이민구¹ , 김수현² , 조장현² , 정명호¹ , 안영근¹ , 김영조³ , 안태훈⁴ , 권현철5외 한국인급성심근경색증등록연구자(Korea Working Group on Myocardial Infarction Investigators) |
Background: The optimal glycosylated hemoglobin (HbA1c) level in diabetic patients remained to be controversial era, but may be especially important in predicting the prognosis of diabetic patients with acute myocardial infarction (AMI). The aim of this study was to identify the predictive value of preprocedural HbA1c levels for cardiac events during mid-term follow-up period in diabetic patients complicated by AMI and underwent percutaneous coronary intervention (PCI).

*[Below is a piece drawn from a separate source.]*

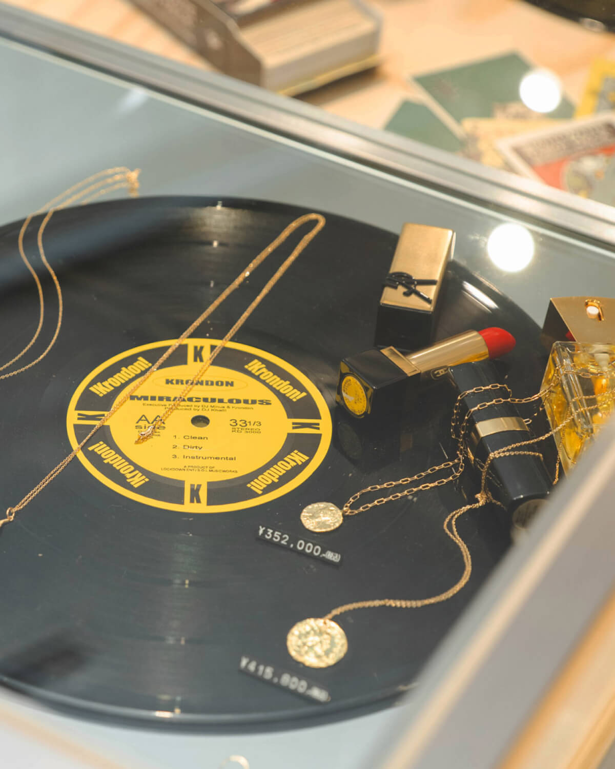 The store is filled with a casual playfulness, including records, art, and a jewelry case filled with lipsticks and perfumes, giving the impression of peeking into a closet.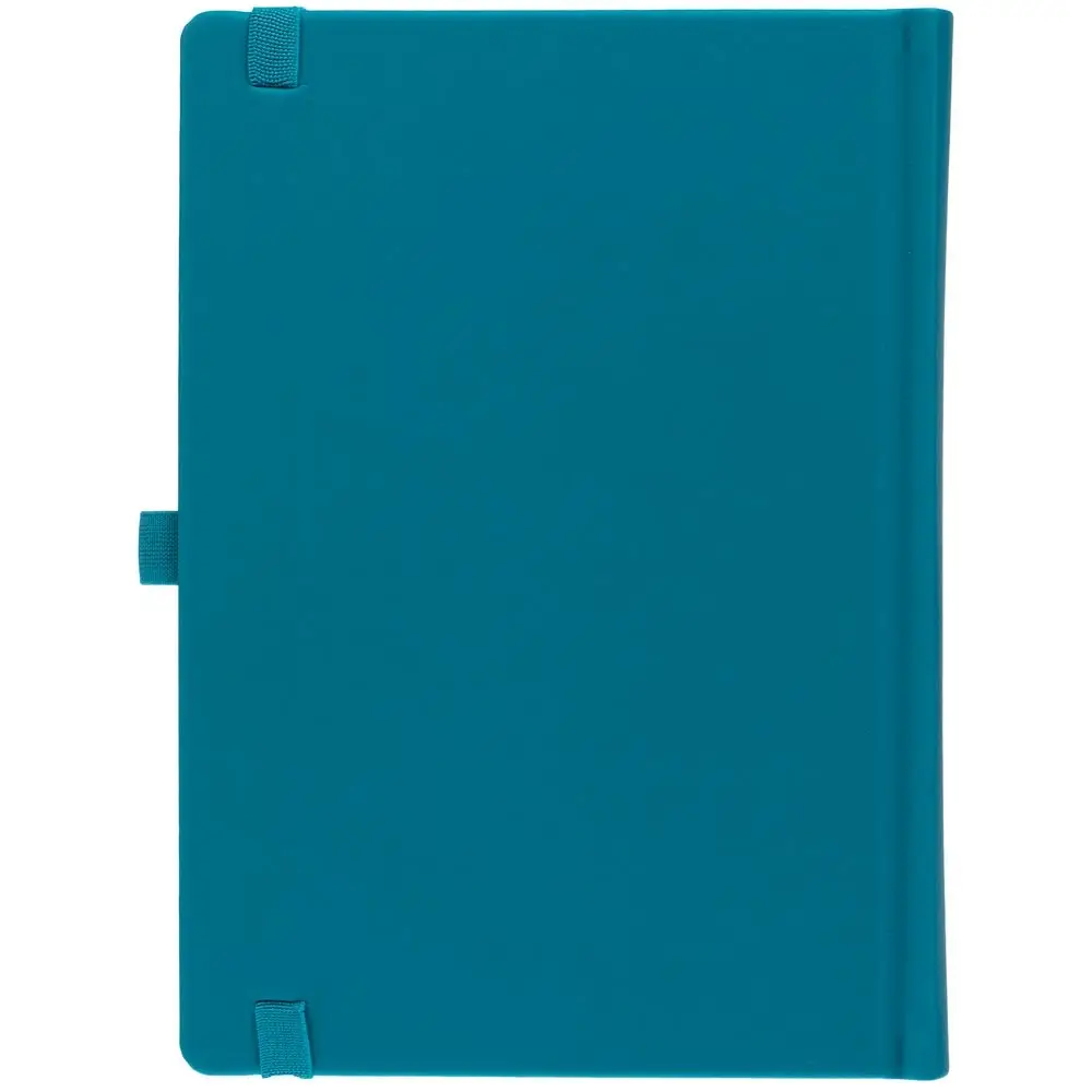 Ежедневник с твердой обложкой без поролона, выполнен из материала Soft Touch, цвет морской волны II, дополнен резинкой шириной 1 см, петлей-резинкой для ручки, капталом и ляссе темно-бирюзового цвета.

Methods: A total of 2,324 AMI patients (65.0±11.4 years, 62.9% males) enrolled in a nationwide prospective Korea Working Group on Myocardial Infarction (KorMI) between Jan. 2008 and Aug. 2010 were included in the present study. The study population were diabetic patients complicated by AMI and underwent PCI and followed up during 12 months period. They were categorized into two groups by the level of preprocedural HbA1c (Group I: >6.5%, n=1,866; Group II: ≤6.5%, n=458). Major adverse cardiac events (MACE) included cardiac death, recurrent myocardial infarction, and re-PCI.

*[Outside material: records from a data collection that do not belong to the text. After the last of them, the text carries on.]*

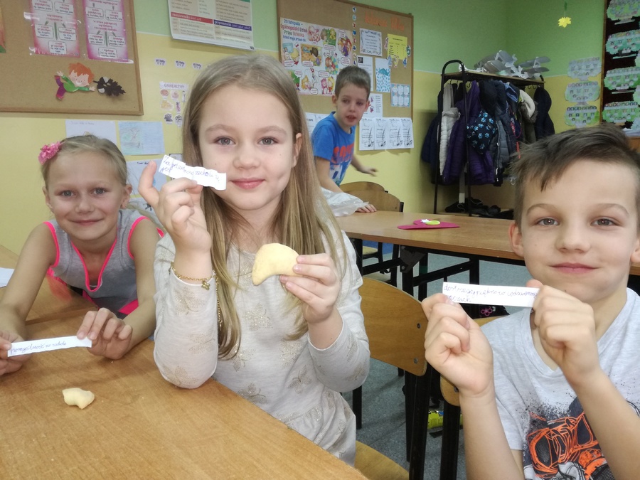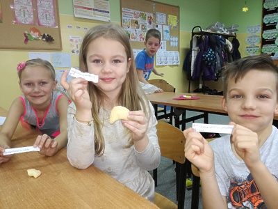 30 listopada 2017r. w naszej szkole obchodziliśmy Andrzejki – dzień wróżb i zabaw. Z tej okazji nauczycielki edukacji wczesnoszkolnej zorganizowały zabawę taneczną, podczas której uczniowie klas I-III wspólnie tańczyli przy wesołej muzyce. Po zabawie wszyscy udali się do klas, gdzie na każdego czekał słodki poczęstunek przygotowany przez Radę Rodziców. Nie zabrakło również wróżb! Wychowawcy klas zadbali o to, aby każdy mógł w tradycyjny sposób uczcić Andrzejki. Dzieci przekłuwały papierowe serce by odczytać imię swojej sympatii, losowali bileciki ze swoim przyszłym zawodem, lali wosk czy wystawiali buty. Jeden z uczniów razem ze swoją mamą przygotował wielką niespodziankę – upiekł ciasteczka z wróżbą, co sprawiło dzieciom wiele radości. Tego dnia wszyscy wspaniale się bawili, humory dopisywały, a pozytywne wróżby czekają na spełnienie!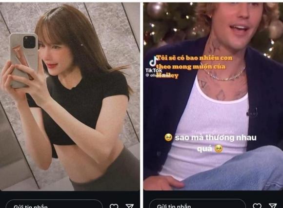 Vừa qua, Thiều Bảo Trâm đăng tải một story về Justin Bieber. Đáng chú ý, trong đoạn clip này, nam ca sĩ lại có chia sẻ về chuyện con cái. Cụ thể, anh cho biết: "Tôi sẽ có bao nhiêu con theo mong muốn của Hailey". Giọng ca Sau lưng anh có ai kìa còn bình luận: "Sao mà thương nhau quá". Từ việc này, nhiều khán giả cho rằng Thiều Bảo Trâm đang muốn có con với tình trẻ.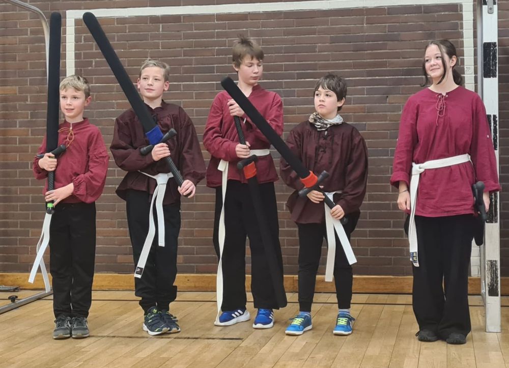 Unsere fantastischen drei Sieger der Vereinsmeisterschaft 2025 im Historischen Schwertkampf! Links Emilia (Kinder/U14), Mitte Josepha (Damen) und Rechts Yannick (Männer)! Die Vereinsmeisterschaft 2025 wurde in 5 Einzelkategorien im Doppel-K.O.-System ausgetragen: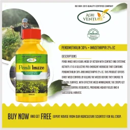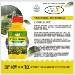 Agriventure Pendi Imaze is an advanced pre and post-emergent herbicide combining the dual power of Pendimethalin 30% and Imazethapyr 2% EC. It effectively controls annual grasses, broadleaf weeds, and sedges in soybean and groundnut crops. This formulation ensures long-term weed suppression, improving crop yield and reducing competition for nutrients and sunlight. Ideal for both early and late weed control stages, it provides extended protection throughout the crop cycle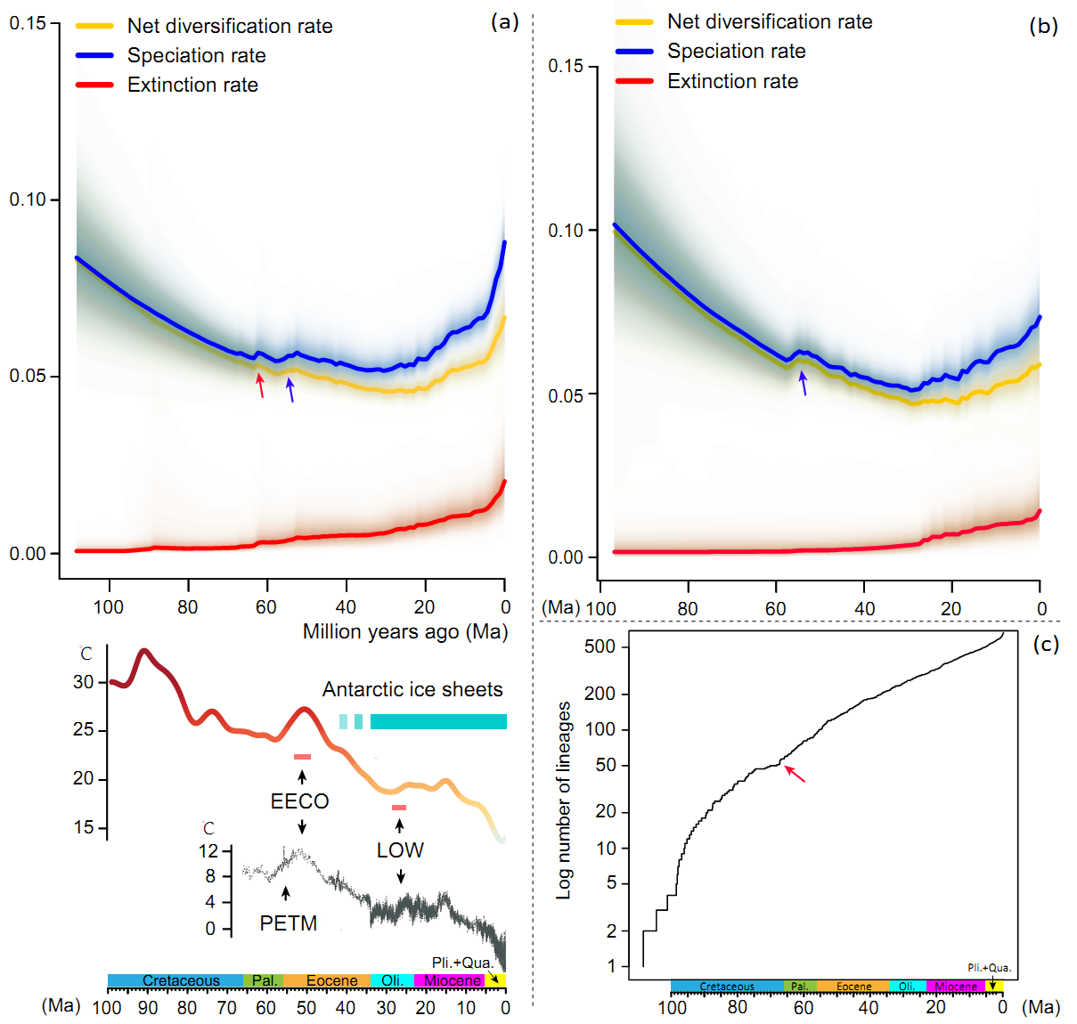 目前,全球氣候變化事件在很大程度上影響眾多生物群系演化歷史已是學(xué)界共識,但關(guān)于“古氣候變化事件是否影響熱帶雨林動(dòng)態(tài)演化歷史過程”這一問題尚存爭議。部分研究認(rèn)為,古氣候變化事件對熱帶雨林動(dòng)態(tài)演化歷史影響有限,熱帶雨林可能長期保持相對穩(wěn)定的高溫、高濕環(huán)境條件,并使其物種分化速率長期趨于恒定狀態(tài),因此其物種多樣性隨時(shí)間持續(xù)且穩(wěn)定的積累,這一過程被視為熱帶雨林物種多樣化的重要演化模式。也有研究認(rèn)為,熱帶雨林物種多樣化歷程可能受到全球氣候變化事件的影響,其物種分化速率在不同時(shí)期可能存在明顯波動(dòng)而非長期趨于恒定,但相關(guān)研究大多關(guān)注熱帶雨林類群在新生代時(shí)期的演化歷史。

Results: Baseline clinical characteristics were similar between two groups, but group I were younger (63.3±11.4 vs. 67.6±11.0, p<0.001), smoker (35.7% vs. 30.1%, p=0.031) and had lesser history of hypertension (58.9% vs. 77.5%, p<0.001). Laboratory findings showed lower glomerular filtration rate (GFR) in group II (72.3±35.8mL/min vs. 64.5±34.3mL/min, p<0.001), and coronary angiographic findings showed no meaningful difference except more frequent involvement of left anterior descending artery in group I (48.4% vs. 41.9%, p = 0.026). Rates of MACEs during 12 months were similar between two groups (17.5% vs. 21.0%, p = 0.175). By multivariate analysis, old age, low GFR, high Killip class on admission were independently associated with MACEs, but HbA1c was not associated with poor patient outcome during mid-term follow-up period.
Conclusion: This study suggested that HbA1c is not a predictor of cardiac events in diabetic patients with AMI. These results suggest the absence of benefit of a strict hyperglycemia control in macrovascular complications, especially coronary artery disease such as myocardial infarction.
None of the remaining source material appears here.